The solicitors also said, “TAKE NOTICE that if within 7 (seven) days of your receipt of this letter, we do not receive your formal withdrawal of the said notice, our Clients shall consider themselves to be at liberty to initiate necessary legal steps to seek redress, including injunctive orders to restrain holding of the meeting and/or set aside all illegal acts of the Company. In the event that this is so, this letter shall represent the requisite pre-action protocol. Do be advised accordingly.”

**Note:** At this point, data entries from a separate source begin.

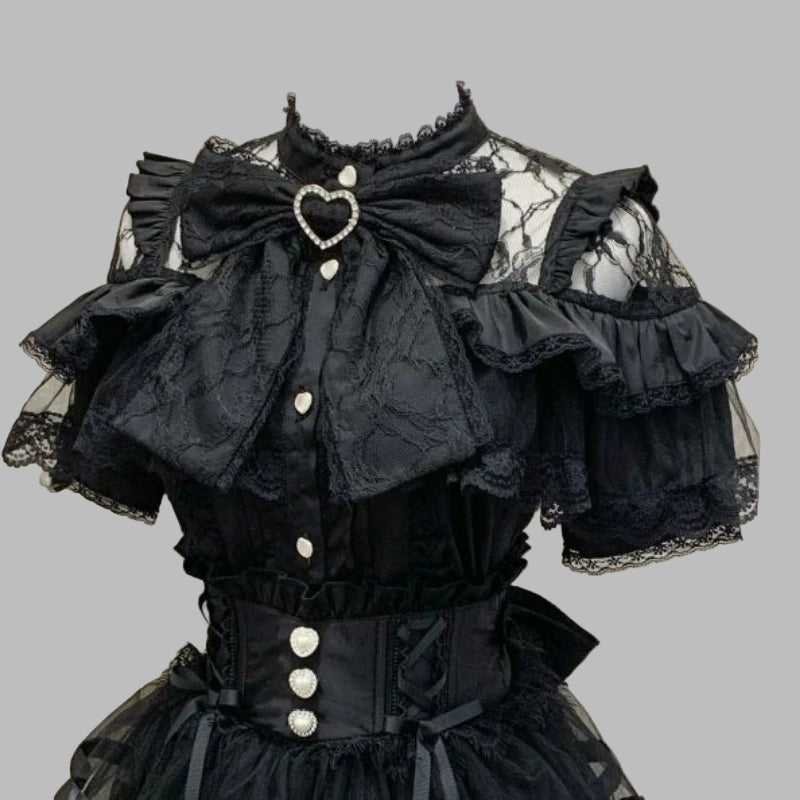 Gotycka Bluzka Koronkowa z Kokardą i Gorsetowym Pasem Czarna Zobacz opcje
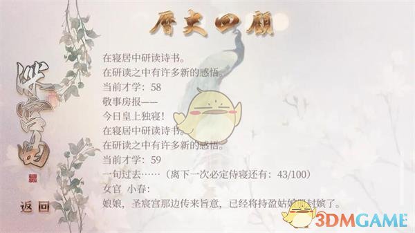 6、宫中有一位资历小于三年,家世为一~三品文官之女,性格为活泼/温婉/圆滑的妃子,大地图可触发择灵与妃子的对话剧情。
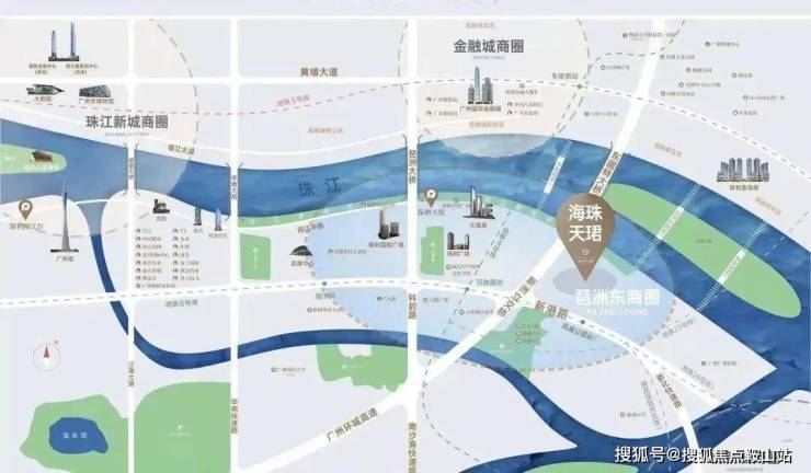 保利招商·海珠天珺位于珠江南岸,基地周边现状为低层、多层建筑,属海珠区琶洲东板块。
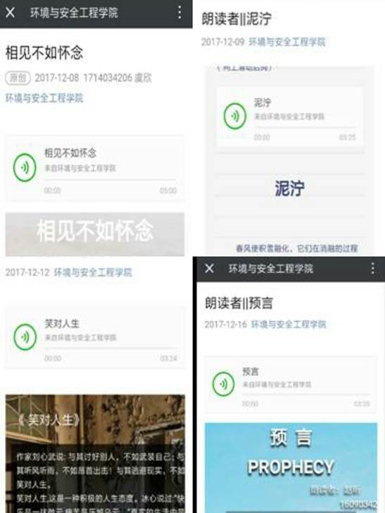 文化就隐藏在这一篇篇经典、一个个文字中,“朗读者”这个舞台,就是要化无声为有声,让每个人成为独一无二的朗读者。“朗读者”活动充分借鉴中央电视台文化情感类节目,每期由主持人引出本期的朗读主题后,几位朗读者各自利用十分钟左右时间,朗读自己准备的读本。这些读本,有些是同学们在图书馆内翻阅并挑选出来的现代散文、短篇小说,有些则是来自网络上的心仪文章。主持人会对本期主题、朗读者的读本内容、朗读者现场表现进行总结和集中点评,在场的老师们也会登台与同学们分享自己相关主题的经历。每期朗读活动完成后,我院新媒体成员负责录制成微信音频推送,方便所有爱好朗读的师生能随时聆听。
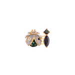 Crafted in bronze with 18k gold plating, white rhodium plating, and black rhodium plating. Features baguette-cut crystals, microcrystals in clear and black tones, a faceted blue teardrop crystal, and a gray crystal rhombus.
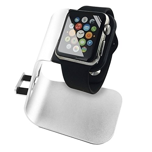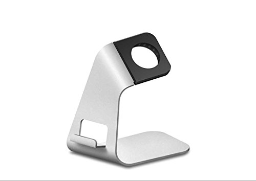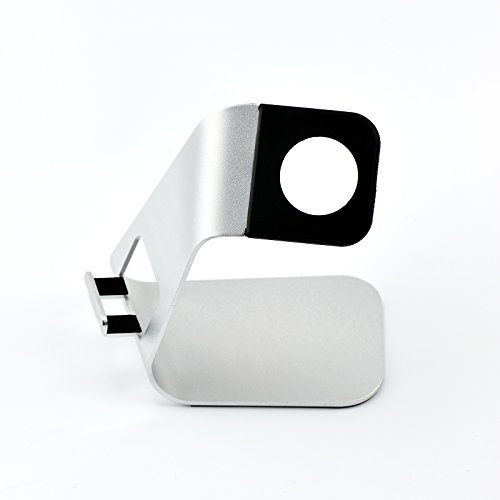 The iWatch / iPhone 6,6s,5, & 4 stand fit for all sizes and models of the new 2015 apple watch and iPhone, provide you much more convenience than ever. It supports the watch at a stable and comfortable condition. Perfect viewing angle: perfect angle for viewing. With the charged installed on this stand, you will never feel tired even after viewing for more than several hours. Fashionable and functional design: made of aluminum enhancing durability rectangular shape strengthen stability TPU dock avoids scratching the apple watch convenient cable cutout and insert provide enough slack to prevent the cable from overly bending weighed 2.04 Oz (68g) makes it portable and easily to carry silver and black color design makes it more elegant compatible with: all versions of the 2015 apple watch, 38mm and 42mm(original basic model / sport version / and edition models) and all versions of iPhone.Feature
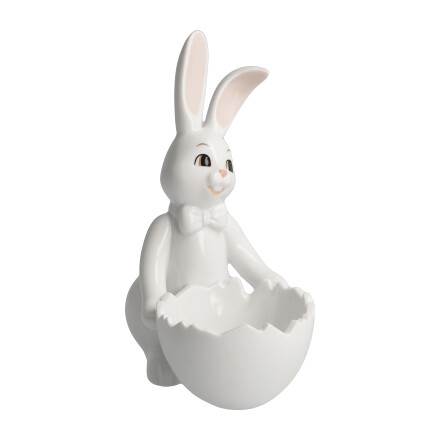 Stolz präsentiert uns der Hasenjunge die kleine Schale, die sowohl als Eierbecher als auch für Süßigkeiten oder als Blütenschale verwendet werden kann. Platzieren Sie die Figur auf dem Festtisch, in der Küche oder im Wohnraum – und der Frühling kann kommen.
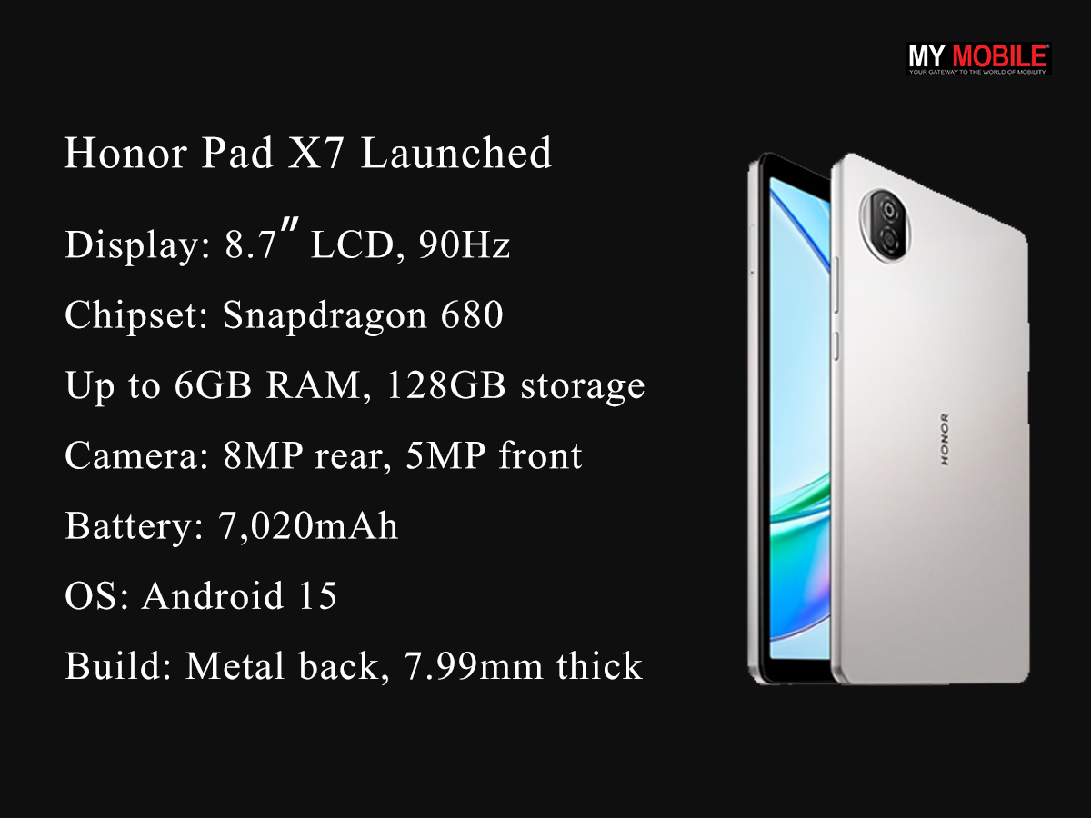 - Honor introduces the Pad X7, an 8.7″ tablet powered by Snapdragon 680 with up to 6GB RAM, Android 15, and a 7,020mAh battery.

Read what shareholders told Onyema and his team

  • Resolution 8(i) and (ii) in particular are contrary to section 142(2) of the Companies and Allied Matters Act 2020, under which the allotment of any newly issued share in a company is subject to the pre-emptive rights of a shareholder. The section DOES NOT give any power to any board to allot any share otherwise as stated in the section;

 

  • By definition “capital” of a company refers to the total assets of a business or total amount or value of its stock, which in turn is partly a function of a company’s asset worth. It is unthinkable how incurring a debt burden of N15 billion for the company will translate to raising capital for the company that remains a viable, highly regarded entity in the capital market with unissued shares from which to raise capital;

 

  • Section 340 of SEC Regulations provides, among others, that a public company seeking to offer securities by private placement must show evidence of dire need of fresh funds. and shall satisfy the Commission that the private placement remains the only viable alternative…” No evidence has yet been put forward to show compliance with this provision;

 

  • It is now public knowledge that directors of the Company recently paid themselves whopping sums of money under the guise of allowances and other perks of office. Evidently, this would not have been so, if the company was in dire need of funds. Meanwhile, no resolution has been proposed to author ise payment of any dividend to shareholders,

 

  • The unissued shares of the company denote availability of shares for purchase for the purpose of raising capital as is the standard case. However, rather than offer the shares for sale, the board of directors seek to cancel the unissued shares and issue new shares to be distributed in breach of section 142(2) of CAMA;

 

  • The right to appoint a proxy to attend and vote instead of him and the proxy need not be a member of the company… is a personal right that section 242(4) of CAMA guarantees to a shareholder. Therefore, it is illegal and amounts to violation of that right to attempt to choose or foist any proxy (named or unnamed) on any shareholder. By law, that right belongs fully to the shareholder. It is not shared with the company;

 

  • The claim that the Corporate Affairs Commission (CAC), Lagos State Government and Federal Government COVID-1 9 Guidelines are the bases for insisting that shareholders shall only attend by proxy, is palpably false. There is no COVID-19 guideline that justifies insistence on shareholders attending AGM by prox(ies) only, let alone the selected proxies;

 

  • The Company is a PLC. The Guideline issued by the Presidential Steering Committee on COVID-1 9 on 2nd April 2022, provides in relation to public gatherings that: “Limitation on number of persons attending informal and formal festivity events including weddings, conferences, congresses, office parties, seminars, end of year events has been lifted”, and

 

  • Even if (which is not admitted) any CAC guideline permits holding a meeting by proxy, whether or not general, by proxy, such guideline is illegal and CANNOT stand in the face of the clear provisions of CAMA. CAC cannot by regulation remove a right conferred by statute.